An immunization against a pandemic virus “will probably be the most highly sought-after product on the face of the earth,” said Mike Osterholm, director of the Minnesota-based Center for Infectious Disease Research and Policy.
“In the face of a pandemic, it’s hard to imagine any country willingly letting vaccine leave from within its border to another country just because there’s a contract” with the U.S. government, he said.
The precarious situation was highlighted in 2004 when a British flu vaccine plant was contaminated, wiping out half the U.S. supply for that year.
The Bush administration in 2006 gave $1 billion to five companies to modernize production of vaccines and make them in the United States. The goal was to establish enough domestic capacity to supply vaccine within six months of the start of a pandemic to the entire U.S. population of about 300 million.
Building up U.S. production is still ongoing.

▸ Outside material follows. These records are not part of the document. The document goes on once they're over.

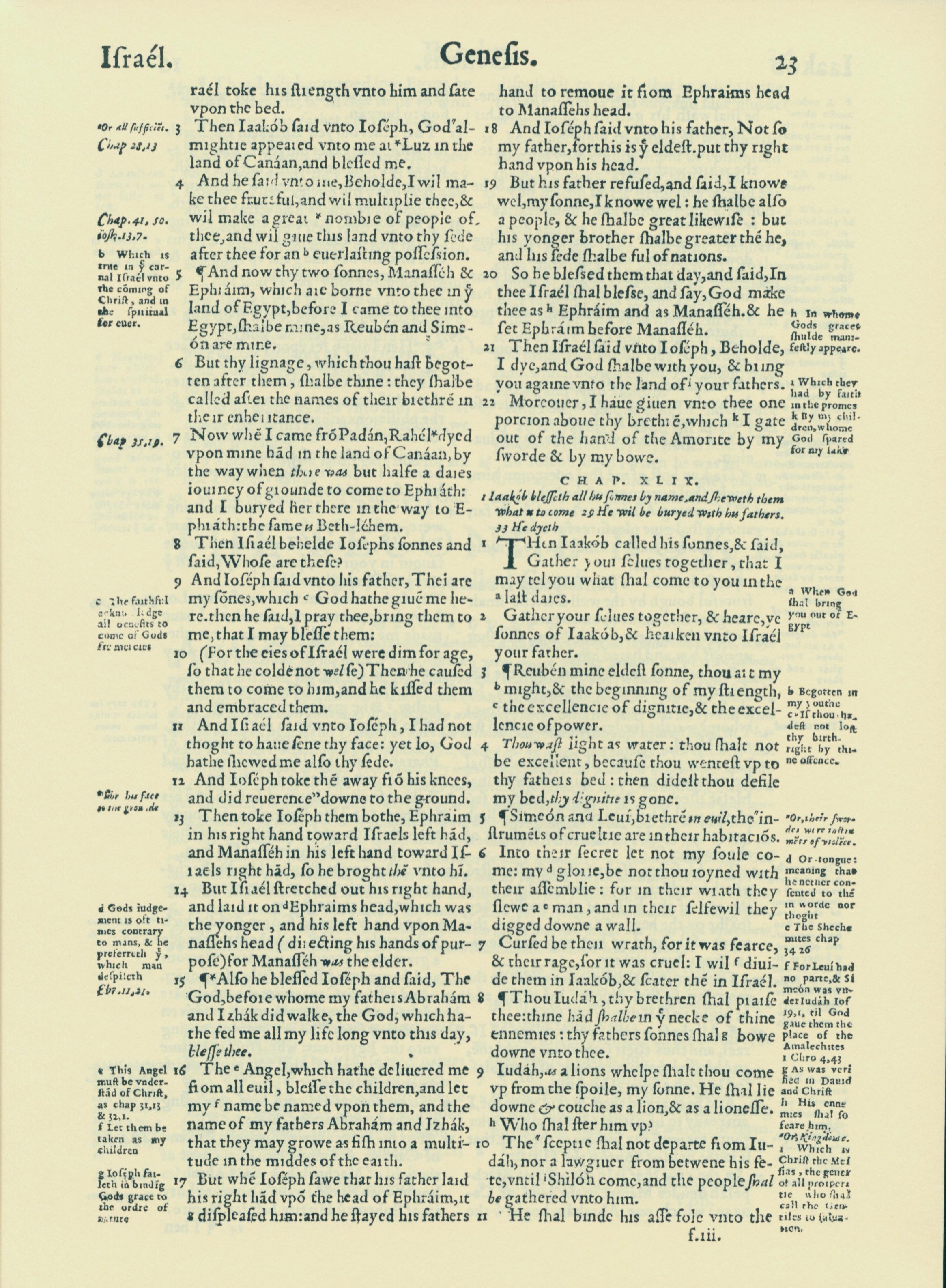1560年THE BIBLE AND HOLY SCRIPTURES 創世記 48 章 3 節到 49 章 11 節
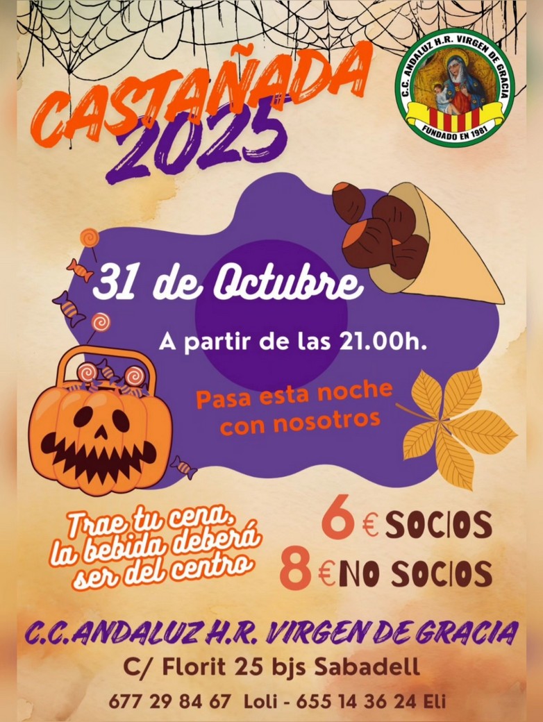 Os esperamos en la Castañada Centro Cultural Andaluza Hermandad Romera Virgen de Gracia30 Octubre 2025 Este próximo viernes, 31 de octubre, celebramos como cada año la Castañada. A partir de las 21 horas en nuestro local.
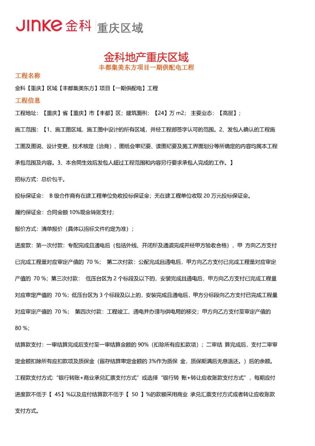 金科地产重庆区域丰都集美东方项目一起供配电工程招标公告、长寿金科世界城项目幕墙工程招标公告
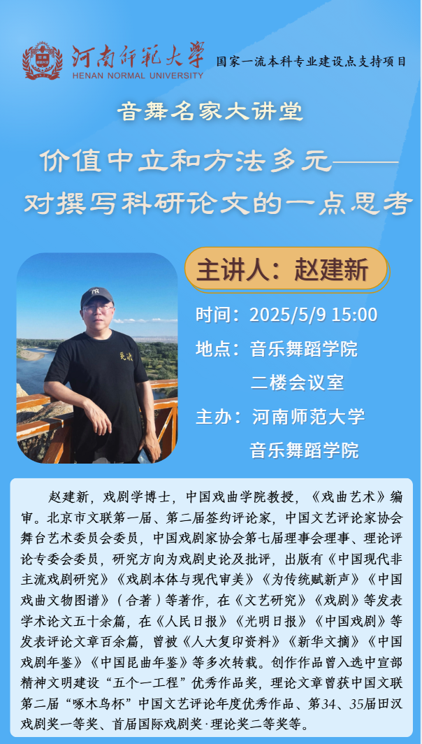 中国戏曲学院赵建新教授将做客音舞名家大讲堂
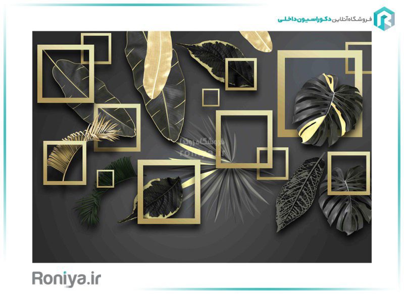 پوستر دیواری طرح برگ طلایی و مشکی یک پوستر دیواری مجلل است که با تم رنگی خاص و طراحی سه بعدی حرفه ای، زیبایی و مدرنیته را به فضای اتاق دعوت می کند.
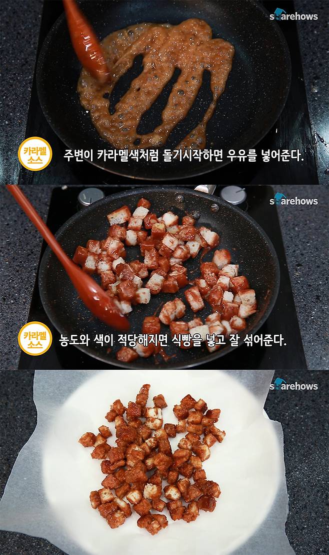 – 카라멜 색상이 나오면 구워두었던 식빵을 넣고 섞으면 완성!
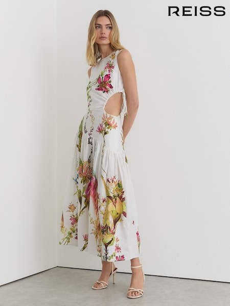 Reiss Ivory Bianca Linen Floral-Print Cut-Out Midi Dress

Sanofi-Aventis SA is the major supplier for the U.S. market, making about 50 million doses annually at a plant in Swiftwater, Pennsylvania.
A second Swiftwater plant could produce another 50 million doses of seasonal vaccine this year if cleared by U.S. regulators, Sanofi spokeswoman Donna Cary said. When fully operational, that plant could churn out 100 million doses of the three-strain seasonal vaccine, said Cary, but she declined to say when that would be.
Other companies including GlaxoSmithKline Plc and Novartis AG make at least part of the vaccine outside the U.S.
PHENOMENAL EXPANSION
The funding for vaccine manufacturing has produced “phenomenal expansion in manufacturing capacity,” Dr. Anne Schuchat, an interim deputy director at the Centers for Disease Control and Prevention, told a Senate hearing.
Asked if the United States could produce 300 million doses domestically now, Schuchat said officials were “very optimistic,” but added: “This virus can surprise us, and even with all those investments it may just technically be difficult.”
Other experts agreed preparedness efforts had helped, particularly with Sanofi boosting its U.S.-based production.
“We are in a good position right now in the United States,” said Dr. Kathleen Neuzil, who serves on the pandemic flu task force of the Infectious Diseases Society of America as well as a U.S. government advisory committee on vaccines.
Companies limit production each year based on how much officials think they can sell, and they could make more, she added.
Also, the seasonal vaccine contains three flu strains, but a pandemic vaccine might need only one. “You can make three times as much if only one strain is in the vaccine,” Neuzil said.
Osterholm said it was too soon to predict the U.S. capacity, as it would depend in part on what dose would be needed and whether it could be stretched with an ingredient known as an adjuvant. “There clearly has been some increase (in capacity), but it’s not clear what the increase is,” he said.
Neuzil said antiviral drugs could help address any shortfall by treating or preventing the flu, although the medicines do not offer long-term protection.
She said she worried more about vaccine availability for poor countries than for the United States.
“Ninety-five percent of influenza vaccine is made in the U.S. and Europe. As a global community, we also need to consider supply for the low-resource countries,” she said.